• _Provided data_:
-------------------------

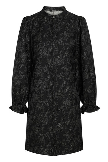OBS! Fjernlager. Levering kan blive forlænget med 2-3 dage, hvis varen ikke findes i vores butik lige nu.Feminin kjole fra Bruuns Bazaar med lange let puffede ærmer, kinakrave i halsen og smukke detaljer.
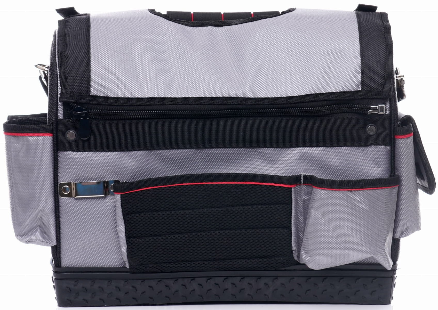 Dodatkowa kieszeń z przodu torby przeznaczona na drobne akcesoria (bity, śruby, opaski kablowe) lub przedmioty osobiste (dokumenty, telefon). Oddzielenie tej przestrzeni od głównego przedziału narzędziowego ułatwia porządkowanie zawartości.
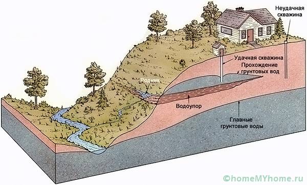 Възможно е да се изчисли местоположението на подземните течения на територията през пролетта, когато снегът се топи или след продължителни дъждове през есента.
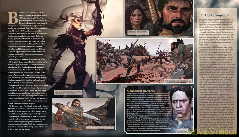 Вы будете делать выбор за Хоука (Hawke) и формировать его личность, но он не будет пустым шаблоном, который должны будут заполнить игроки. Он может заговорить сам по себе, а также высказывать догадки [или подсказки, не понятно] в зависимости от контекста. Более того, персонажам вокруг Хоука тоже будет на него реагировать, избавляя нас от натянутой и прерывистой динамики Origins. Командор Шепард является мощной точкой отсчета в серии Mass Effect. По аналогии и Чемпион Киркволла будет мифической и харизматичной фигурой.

-------------------------

• _Your task_:
Working from the line containing "Възможно е да" to the last line of the data, retype every line exactly, both ends included, and leave out all pictures.

• _Answer for this exercise_:
 Възможно е да се изчисли местоположението на подземните течения на територията през пролетта, когато снегът се топи или след продължителни дъждове през есента.
 Вы будете делать выбор за Хоука (Hawke) и формировать его личность, но он не будет пустым шаблоном, который должны будут заполнить игроки. Он может заговорить сам по себе, а также высказывать догадки [или подсказки, не понятно] в зависимости от контекста. Более того, персонажам вокруг Хоука тоже будет на него реагировать, избавляя нас от натянутой и прерывистой динамики Origins. Командор Шепард является мощной точкой отсчета в серии Mass Effect. По аналогии и Чемпион Киркволла будет мифической и харизматичной фигурой.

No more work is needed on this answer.